WITCHER [35]3 years ago

4 0

Answer:

(a) $Total= 9000$

(b) $Total = 4500$

(c) $Total = 4536$

(d) $Total = 2240$

(e) $Pr = 0.5040$ --- Probability of distinct digits

$Pr = 0.2489$ --- Probability of odd distinct digits

Step-by-step explanation:

Solving (a): Integers from 1000 to 9999

To do this, we simply add 1 to the range.

i.e.

$Total= Range +1$

Range is the difference between the given interval.

$Total= 9999 - 1000 +1$

$Total= 9000$

Solving (b): Odd integers

This implies that the last digit must be any of 1, 3, 5, 7 and 9 (i.e. 5 digits)

The first digit can not be 0 (i.e any of the remaining 9 digits)

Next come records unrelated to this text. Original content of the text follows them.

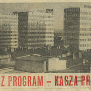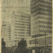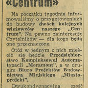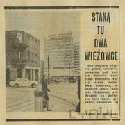 Notatka poświęcona oddaniu inwestorom pierwszych trzech wieżowców Domów Towarowych Centrum (Alfa) przy ul. Czerwonej Armii (dzisiaj ul. Święty Marcin)04.03.1969
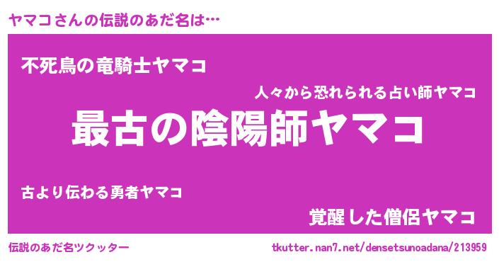 | ファンタジー風あだ名 | 『ゼヤマトゥ』『エターナルヤマコー』 |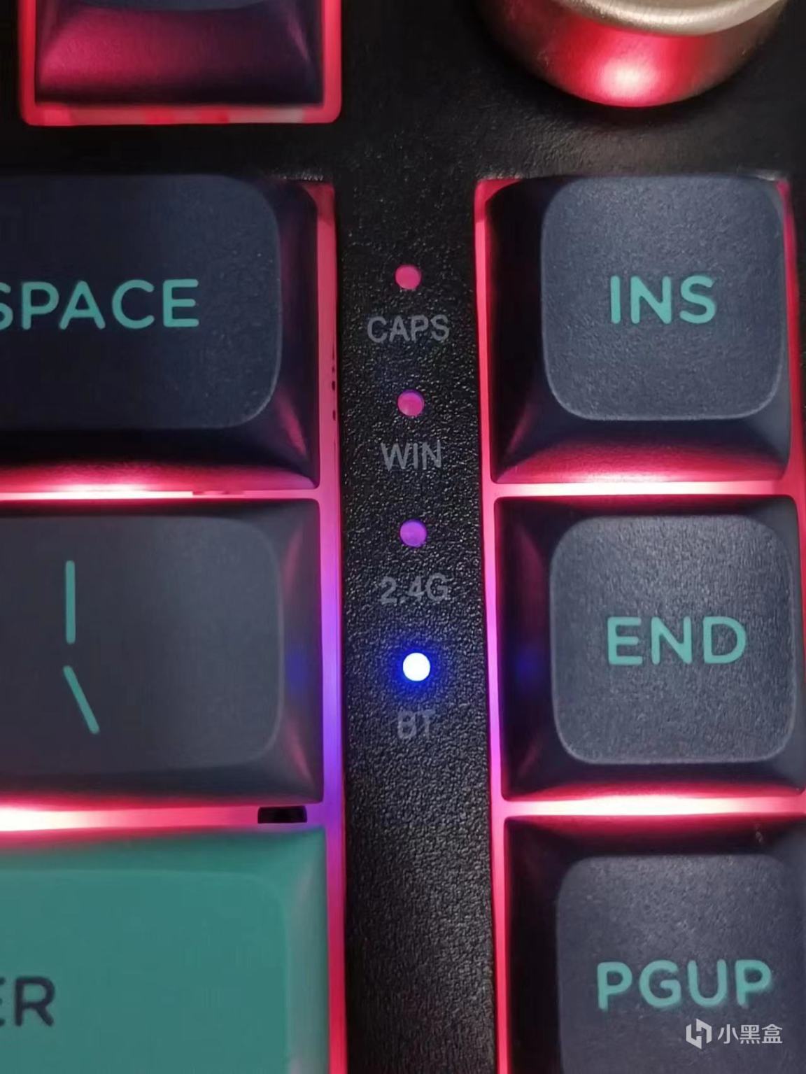 模式切換由鍵盤背後的按鈕切換,有指示燈提示,不過吐槽一點這個指示燈藍色LED廉價感確實挺強的。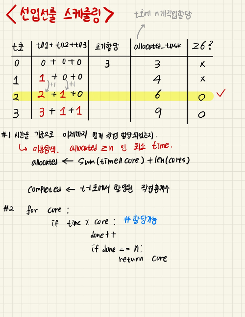 - 그렇게 최적의 시간을 찾은 뒤, 그 시간에 어떤 코어에서 마지막 작업(n번째)이 처리되는지 순차적으로 확인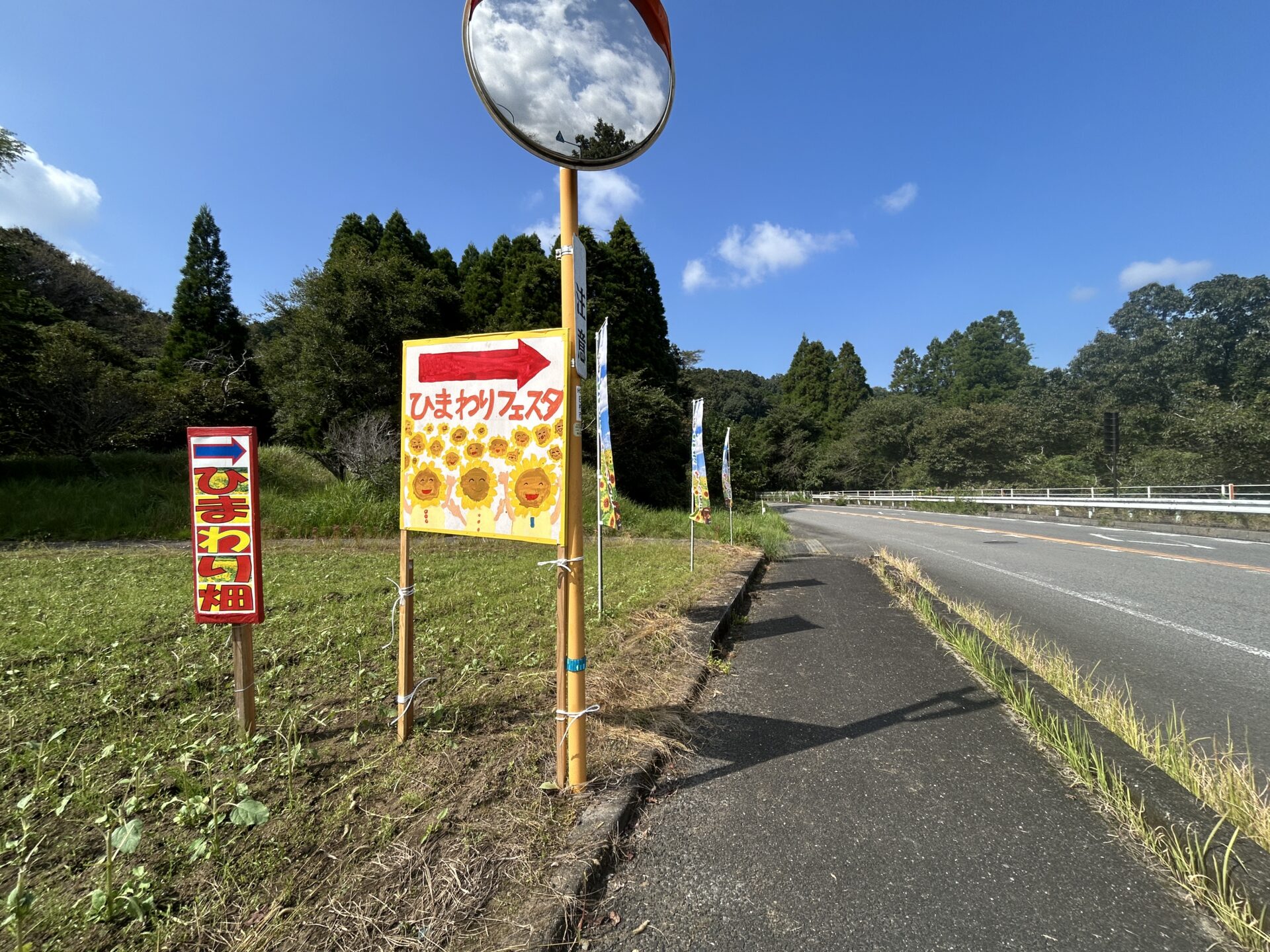 大分市中心部から車で1時間ほど、野津町の中心部からさらに佐伯方面へと進むと、「ひまわり」の看板や旗が立っていますので案内に従って集落へと入っていきます。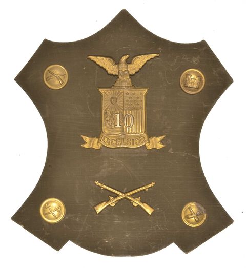 BANNERMAN PLAQUE, Historic Decorative Office/Den Wall Plaque manufactured and sold by legendary military surplus dealer Francis Bannerman. Each plaque is one of a kind with various original and reproduction insignia. 1930's-1940's era manufacture.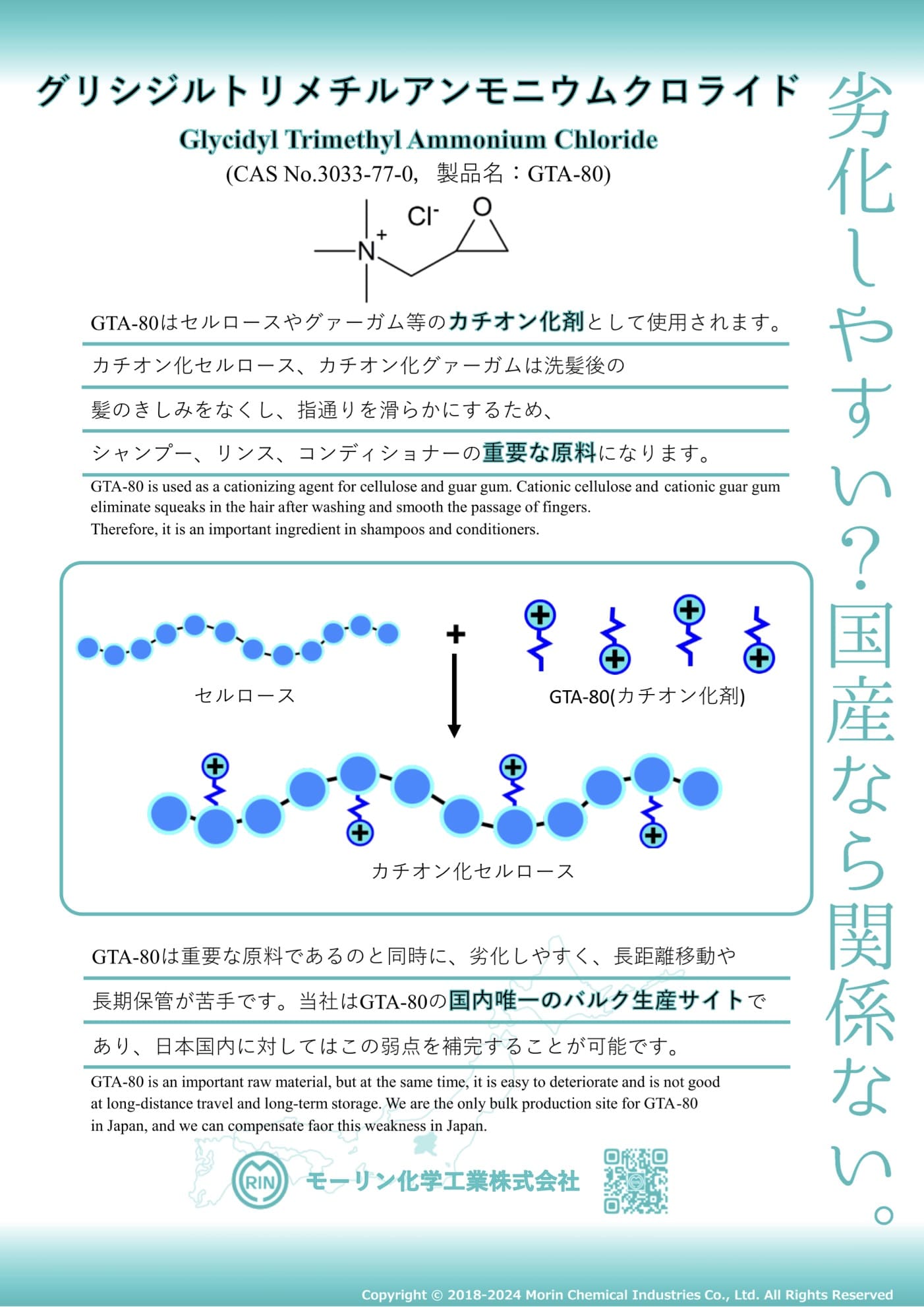 シャンプー・リンス・コンディショナーなどを作る上で必要なカチオン化セルロース、カチオン化でんぷんを製造するための重要原料です。その他、カチオン化剤としての性能を基に、様々な用途に展開されます。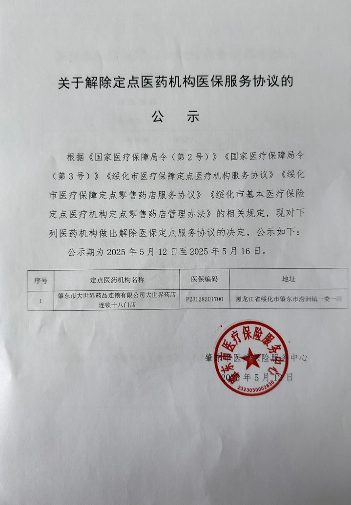 關(guān)于解除定點醫(yī)藥機構(gòu)醫(yī)保服務(wù)協(xié)議的公示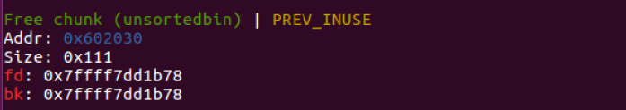 - f는 a2와 동일한 사이즈인 0x100를 요청한다. 위에 free(a2)를 호출했음으로 unsorted bin에 해당 청크가 들어가 있을 것이다. 따라서 이 청크를 재사용하여 할당할 것이다.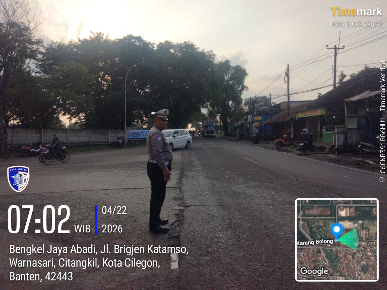 Cilegon - Pelayanan Prima Kepolisian Kepada Warga Masyarakat dan Guna menciptakan situasi lalu lintas yang aman, tertib dan lancar, Personel Unit Lantas Polsek Ciwandan Polres Cilegon Polda Banten secara rutin melaksanakan pengaturan lalu lintas, Rabu (22/04/2026).
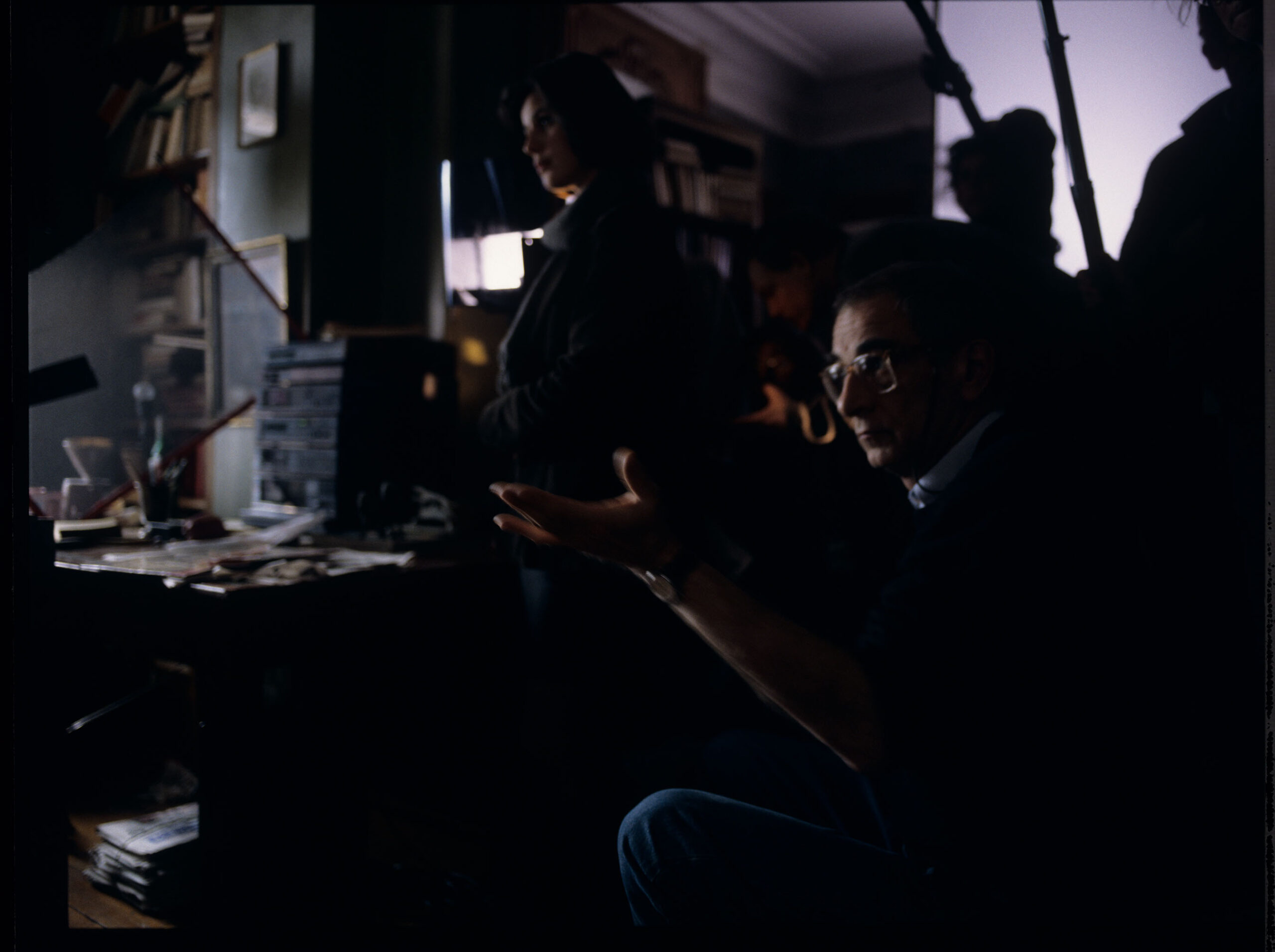 Krzysztof Kieślowski (director) and Irene Jacob (playing Valentine) on the set in the judge’s apartment.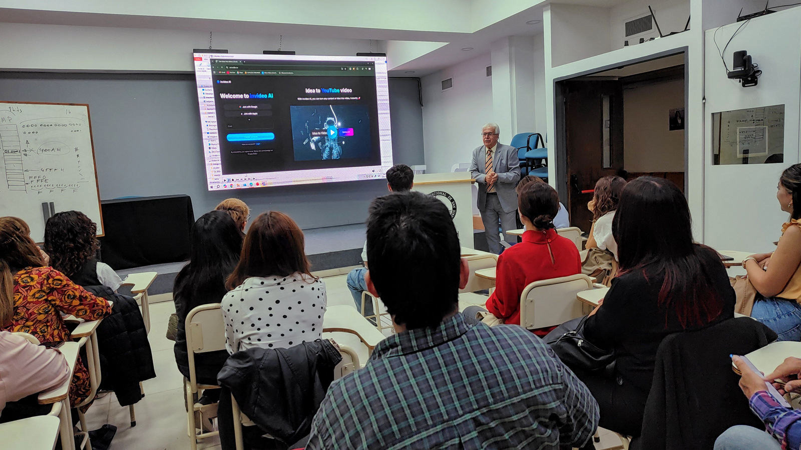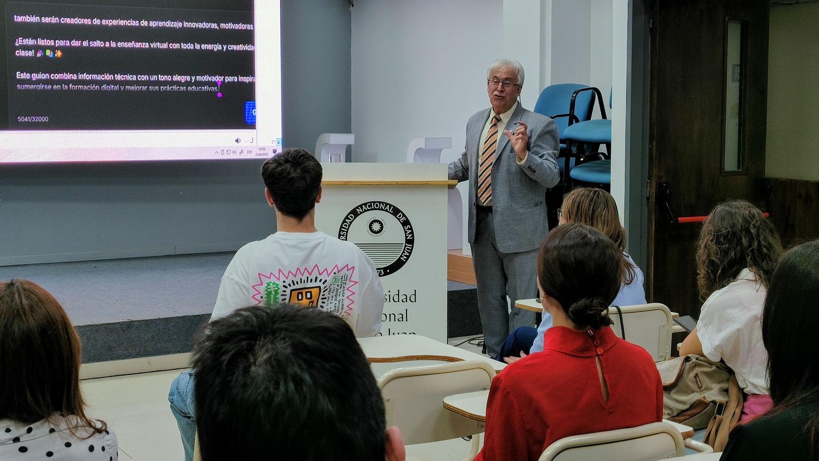 El Ing. Sirvente ofreció una conferencia inicial donde presentó un recorrido por las diversas herramientas tecnológicas que implementa en sus procesos de alfabetización y capacitación digital. Durante su exposición, realizó demostraciones prácticas sobre la creación de videos, elaboración de guiones y generación de documentación para el aula utilizando herramientas de Inteligencia Artificial.

There is no restriction to other digits

Numbers from 1000 to 9999 are 4 digits, so the possible selection are:

$First= 9\\Second = 10\\Third = 10\\Last = 5$

Total selection is:

$Total = 9 * 10 * 10 * 5$

$Total = 4500$

Solving (c): Distinct digits

This implies that all 4 digits are different and the first can not be 0.

So, we have:

$First = 9$ i.e. (1 - 9)

$Second = 9$ i.e. (0 - 9) minus the first digit

$Third = 8$

$Fourth = 7$

Total selection is:

$Total = 9*9*8*7$

$Total = 4536$

Solving (d): Odd digits that are distinct

This implies that the last digit must be any of 1, 3, 5, 7 and 9 (i.e. 5 digits)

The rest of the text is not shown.